Sunday, August 21, 2011

time

Two vacations in one month leaves me with August almost gone, so it seems. We've been blessed to spend time with my family in Idaho and time with Andrew's in Hawaii. I now have more memories to carry forward. Pictures to come, perhaps...either here or on our family blog.

School starts tomorrow for the kids around here. My baby brother begins his first day of middle school. Kids in the neighborhood will now fill the shortcuts and paths down to the schools below our hillside homes. I miss it. I miss school. I miss teaching. I miss my students. I hope there will be a season in my life for such teaching once again. Coaching is great, and I love it, but teaching reading, writing, and loving language is something else entirely. And so as this time of year rolls round again and I'm not a student, nor a teacher, a bit of my heart mourns. Parts of my heart also hope, though, because I truly hope to teach again someday. I know I teach as a mother, but there's something magical about introducing a poem to a student and having that student absolutely fall in love with it.

And now I feel I'm blathering. But it's just what this time of year does to me. I remember when September rolled around when I was on my mission. I received emails from home about school preparation and such, and it surprised me how much I missed it. It catches me off guard and makes me take note.

But I guess I can be glad I don't get the Sunday-night-creepies anymore; you know what I'm talking about if you're a student or teacher--the slightly anxious feeling that your glorious weekend (or entire summer) is over and you must return to school once again. See, I don't view school/teaching through rose-colored glasses. But I certainly remember much more of the good than I do of the bad because the good is just so good.

Happy week to all!

Wednesday, August 3, 2011

amen

As I fed Eamon at close to 3 a.m. this morning, I read these words.

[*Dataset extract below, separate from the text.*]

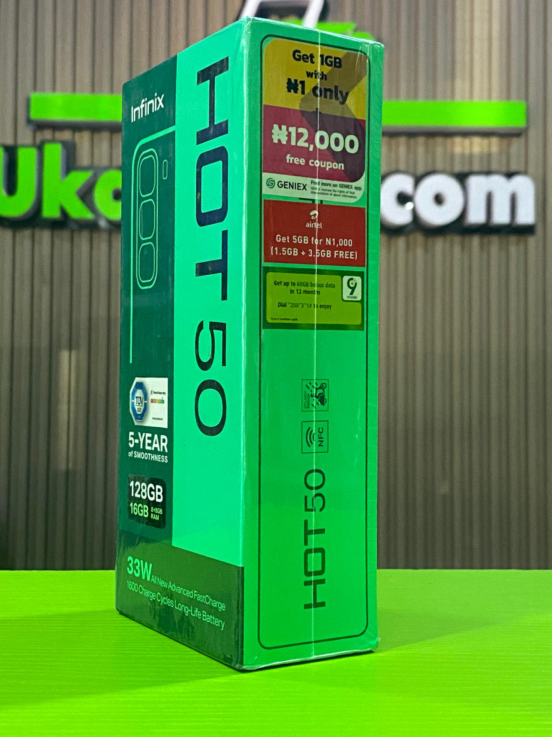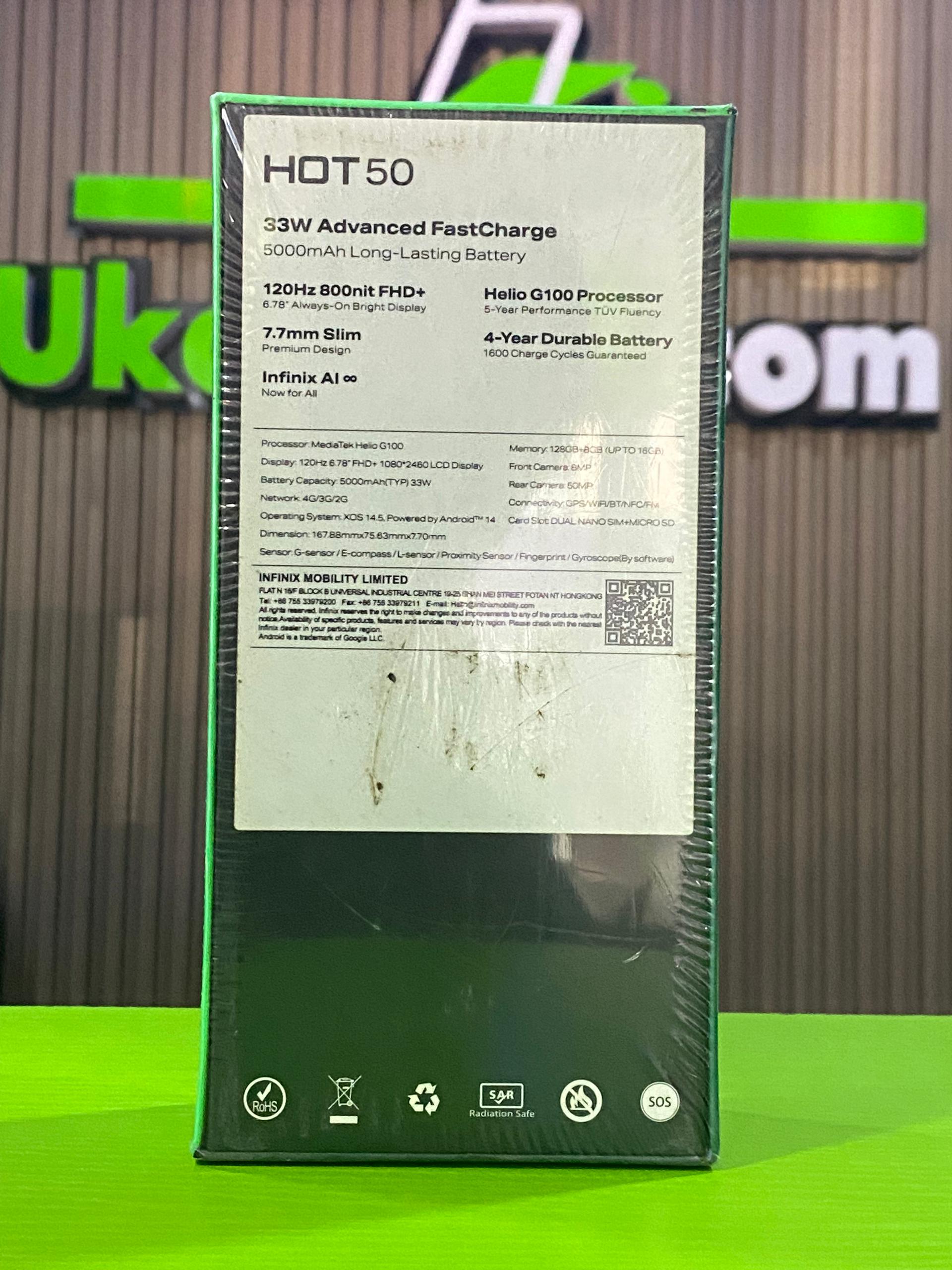 Experience lightning-fast performance and massive storage with the Infinix Hot 50 8GB RAM 128GB ROM. Designed for multitaskers and mobile gamers, this smartphone delivers smooth operation, vibrant display, and long-lasting battery life, all packed in a sleek, modern design. Whether streaming, browsing, or gaming, the Infinix Hot 50 ensures you never miss a beat.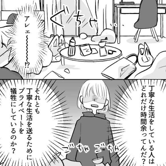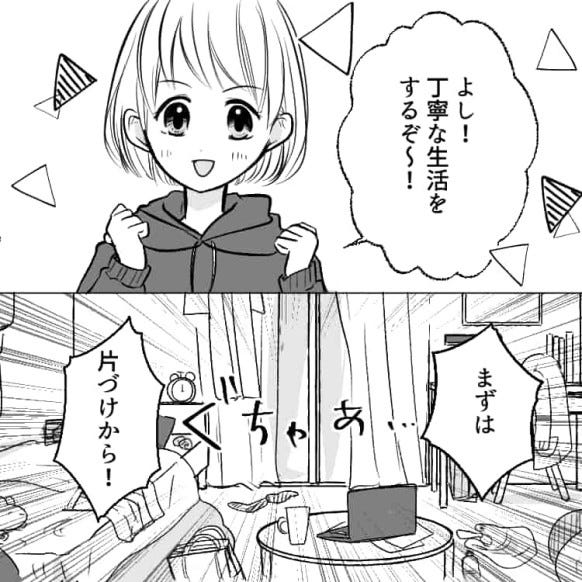 彼女が家に遊びに来るまでに、片付けをし丁寧な生活をすると決意した主人公。

And they strongly struck my soul.

Whenever I'm reminded of the power of words, I'm humbled and awed and inspired. Because of amazing people like Courtney Jane Kendrick and Emma Lou Thayne, I'm more resolved than ever to develop what talent I have in writing, and to fit it better into my life. My soul deserves, craves, and needs it.

I love this paragraph from Kendrick:

"Emma Lou explained that those of us who are called to be writers, the writers of life, have to pay attention in a different way. We have to reserve quiet time to write what we feel. I've always loved Emma Lou's pledge to her children, 'I love you with all my heart, but not all my time' meaning that the solitude time was part of her ability to thrive. This paying attention and seeking for quiet time goes along with two ideas I've had lately, one about balancing the senses (seeing as much as hearing, touching as much as tasting) and another about this quote, 'I hold this be the highest task of a bond between two people: that each should stand guard over the solitude of the other.' Rainer Maria Bilke. Also, I've come to realize that most of my frustrations can be worked out either by hard work (labor) or solitude. When scrubbing the sticky dishes isn't clearing my mind, a walk by myself usually will."